>>>>
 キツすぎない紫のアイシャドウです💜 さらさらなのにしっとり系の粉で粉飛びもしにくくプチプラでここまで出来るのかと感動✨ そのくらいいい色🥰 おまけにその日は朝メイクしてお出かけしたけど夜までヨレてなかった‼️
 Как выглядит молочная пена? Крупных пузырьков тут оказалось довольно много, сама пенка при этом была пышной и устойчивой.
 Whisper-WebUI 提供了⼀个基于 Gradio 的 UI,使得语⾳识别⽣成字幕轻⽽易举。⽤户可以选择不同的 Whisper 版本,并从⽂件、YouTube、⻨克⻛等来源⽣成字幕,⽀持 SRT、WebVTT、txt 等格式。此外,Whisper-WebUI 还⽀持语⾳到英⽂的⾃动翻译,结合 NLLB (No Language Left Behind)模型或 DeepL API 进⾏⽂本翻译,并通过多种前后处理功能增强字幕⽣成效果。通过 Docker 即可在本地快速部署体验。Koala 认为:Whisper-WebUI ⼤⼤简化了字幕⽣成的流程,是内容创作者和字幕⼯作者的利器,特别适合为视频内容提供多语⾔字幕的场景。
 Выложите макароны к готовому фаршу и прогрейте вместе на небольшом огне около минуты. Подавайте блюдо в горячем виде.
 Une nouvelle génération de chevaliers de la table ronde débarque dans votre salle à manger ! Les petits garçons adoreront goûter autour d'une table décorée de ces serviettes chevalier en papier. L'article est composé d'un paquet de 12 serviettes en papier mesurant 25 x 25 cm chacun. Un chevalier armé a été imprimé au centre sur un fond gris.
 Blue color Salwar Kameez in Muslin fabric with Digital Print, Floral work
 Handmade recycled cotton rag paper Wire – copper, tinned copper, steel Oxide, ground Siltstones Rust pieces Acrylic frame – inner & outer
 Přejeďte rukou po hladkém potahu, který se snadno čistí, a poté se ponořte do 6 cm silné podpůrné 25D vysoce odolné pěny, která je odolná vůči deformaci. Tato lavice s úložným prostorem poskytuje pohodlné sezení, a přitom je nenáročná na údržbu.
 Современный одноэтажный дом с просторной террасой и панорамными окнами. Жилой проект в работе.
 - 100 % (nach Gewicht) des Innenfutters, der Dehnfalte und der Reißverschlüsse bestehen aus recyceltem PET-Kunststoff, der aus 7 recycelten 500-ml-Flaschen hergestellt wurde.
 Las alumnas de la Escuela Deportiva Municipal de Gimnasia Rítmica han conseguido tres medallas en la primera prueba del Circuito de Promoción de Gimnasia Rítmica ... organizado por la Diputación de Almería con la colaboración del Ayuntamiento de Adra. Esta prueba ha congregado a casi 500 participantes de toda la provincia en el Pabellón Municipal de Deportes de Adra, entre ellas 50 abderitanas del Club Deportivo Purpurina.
<<<<
## WORK INSTRUCTION
Each line from the top of the records through the one with "Blue color Salwar" should be returned exactly. Leave out everything else.

## RESPONSE AREA
 キツすぎない紫のアイシャドウです💜 さらさらなのにしっとり系の粉で粉飛びもしにくくプチプラでここまで出来るのかと感動✨ そのくらいいい色🥰 おまけにその日は朝メイクしてお出かけしたけど夜までヨレてなかった‼️
 Как выглядит молочная пена? Крупных пузырьков тут оказалось довольно много, сама пенка при этом была пышной и устойчивой.
 Whisper-WebUI 提供了⼀个基于 Gradio 的 UI,使得语⾳识别⽣成字幕轻⽽易举。⽤户可以选择不同的 Whisper 版本,并从⽂件、YouTube、⻨克⻛等来源⽣成字幕,⽀持 SRT、WebVTT、txt 等格式。此外,Whisper-WebUI 还⽀持语⾳到英⽂的⾃动翻译,结合 NLLB (No Language Left Behind)模型或 DeepL API 进⾏⽂本翻译,并通过多种前后处理功能增强字幕⽣成效果。通过 Docker 即可在本地快速部署体验。Koala 认为:Whisper-WebUI ⼤⼤简化了字幕⽣成的流程,是内容创作者和字幕⼯作者的利器,特别适合为视频内容提供多语⾔字幕的场景。
 Выложите макароны к готовому фаршу и прогрейте вместе на небольшом огне около минуты. Подавайте блюдо в горячем виде.
 Une nouvelle génération de chevaliers de la table ronde débarque dans votre salle à manger ! Les petits garçons adoreront goûter autour d'une table décorée de ces serviettes chevalier en papier. L'article est composé d'un paquet de 12 serviettes en papier mesurant 25 x 25 cm chacun. Un chevalier armé a été imprimé au centre sur un fond gris.
 Blue color Salwar Kameez in Muslin fabric with Digital Print, Floral work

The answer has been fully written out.